Apple's Eddy Cue (SVP of internet software and services) and Craig Federighi (SVP of software engineering) have finally talked about the early - troubled - days of Apple Maps, admitting that they "completely underestimated the product."
Cue explained to Fast Company: "If you think of Maps, it seems like it's not that hard. All the roads are known, come on! All the restaurants are known. There's Yelp and Open Table; they have all the addresses. Mail gets delivered; UPS has all the addresses. The mail arrives. FedEx arrives. You know, how hard is this? That was underestimating."
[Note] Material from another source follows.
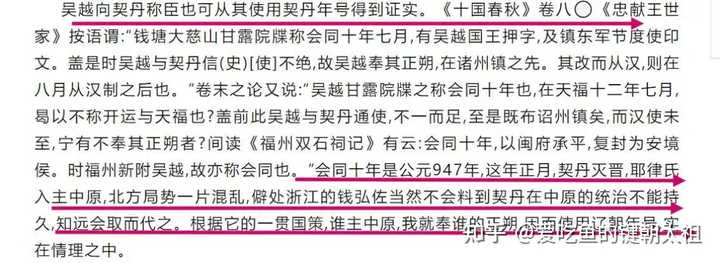 我看到未来的末代吴越王钱弘俶在汴梁朝廷义愤填膺为后晋皇帝说话,参与抗击抓捕后晋皇帝的契丹大辽的内容就忍俊不禁。 着实有一种汪精卫在南京为蒋介石出气痛骂日本侵略者的感觉。 为什么了呢? 因为中原五代十国时代,南方最早,最积极和契丹人接触的国家,不是别人,正是吴越国! 他浙江大学历史教授自己搞的考证文章写得明明白白: |

That underestimation came from the idea that they were simply replacing analogue maps with digital ones and led Apple to putting a small, isolated team in charge of developing it, when really it was a much bigger job.
But how did Apple Maps get out the door in such an unfinished state? It sounds as though the scale of the problems simply weren't known, with Cue noting that "We were never able to take it out to a large number of users to get that feedback. So, to all of us living in Cupertino, Maps seemed pretty darn good. Right? The problems weren't obvious to us."
New approaches and new features
The result of that is that the company now does a lot more betas, which is why customers are able to test new versions of iOS before launch.
That's one positive that came out of a situation which Cue admits to being "embarrassed" by. And rather than abandoning Maps the company worked to develop new competencies and build it into what it is today.
Not that it's a finished product by any means. Cue explained that when it comes to quality – to testing and validating information: "We've improved it significantly, and Google's improved theirs significantly, but it's still a problem that needs to be better. For both of us."
Cue also talked about how the company is improving the service using crowd-sourced data: for instance, if a lot of users are suddenly downloading golf apps at a location, or traffic has all started heading in a new direction to the expected pattern, that would signal that a new golf course has opened or a road was shut.
He said in the former case the company would then check satellite pictures to see if a golf course has suddenly sprung up, or 'in a worst-case scenario, you would have to drive by.'
With the traffic data, Federighi confirmed that device travel patterns are used, but that the data is kept completely anonymous: "that [data is] something that is personal to you and provides value to you, but we don't want Apple to know when you go to work. So we keep that intelligence on the device, but we can anonymously track things like traffic patterns."
You can also expect new features to be added to Apple Maps over time. Cue and Federighi wouldn't be drawn on exactly what, but Cue did note a couple of areas he'd like to see improved, including more detailed traffic information and reminders of the names and locations of restaurants you like in places you don't often visit.
For now we should probably just be thankful that Maps has reached a state where Apple is no longer suggesting users try its competitor's apps.